ADVANCED_DATATYPE_FILTER
Filters the current source column based on advanced data type detection. For example, given a column that DataBrew has identified as containing zip codes, this transform can filter the column based on timezone. The details that you can extract depend on the pattern that is detected, as described in Notes below.
Parameters
-
sourceColumn
– The name of a string source column. -
pattern
– The pattern to extract. -
advancedDataType
– Can be one of Phone, Zip Code, Date Time, State, Credit Card, URL, Email, SSN, or Gender. -
filter values
– List of string values that the user wants to filter the column based on. -
strategy
– KEEP_ROWS or DISCARD_ROWS or CLEAR_FILTERS or CLEAR_OTHERS. -
clearWithEmpty
– Booleantrue
orfalse
, to clear rows withempty
instead ofnull
.
Notes
If advancedDataType is Phone, then the pattern can be AREA_CODE, TIME_ZONE, or COUNTRY_CODE.
If advancedDataType is Zip Code, then the pattern can be TIME_ZONE, COUNTRY, STATE, CITY, TYPE, or REGION.
If advancedDataType is Date Time, then the pattern can be DAY, MONTH, MONTH_NAME, WEEK, QUARTER, or YEAR.

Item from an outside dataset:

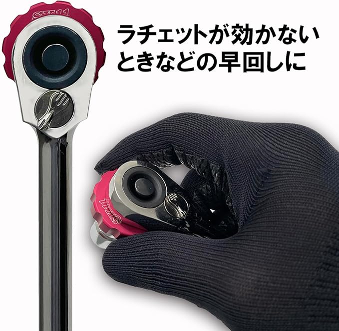 ●ソケットとハンドルの間にセットする。ラチェット機構が効かない時(空転トルクが大きい時)の早回しに便利

If advancedDataType is State, then the pattern can be TIME_ZONE.
If advancedDataType is Credit Card, then the pattern can be LENGTH or NETWORK.
If advancedDataType is URL, then the pattern can be PROTOCOL, TLD, or DOMAIN.
Example
{ "RecipeAction": { "Operation": "ADVANCED_DATATYPE_FILTER", "Parameters": { "pattern": "AREA_CODE", "sourceColumn": "phoneColumn", "advancedDataType": "Phone", "filterValues": ['Ohio'], "strategy": "KEEP_ROWS" } } }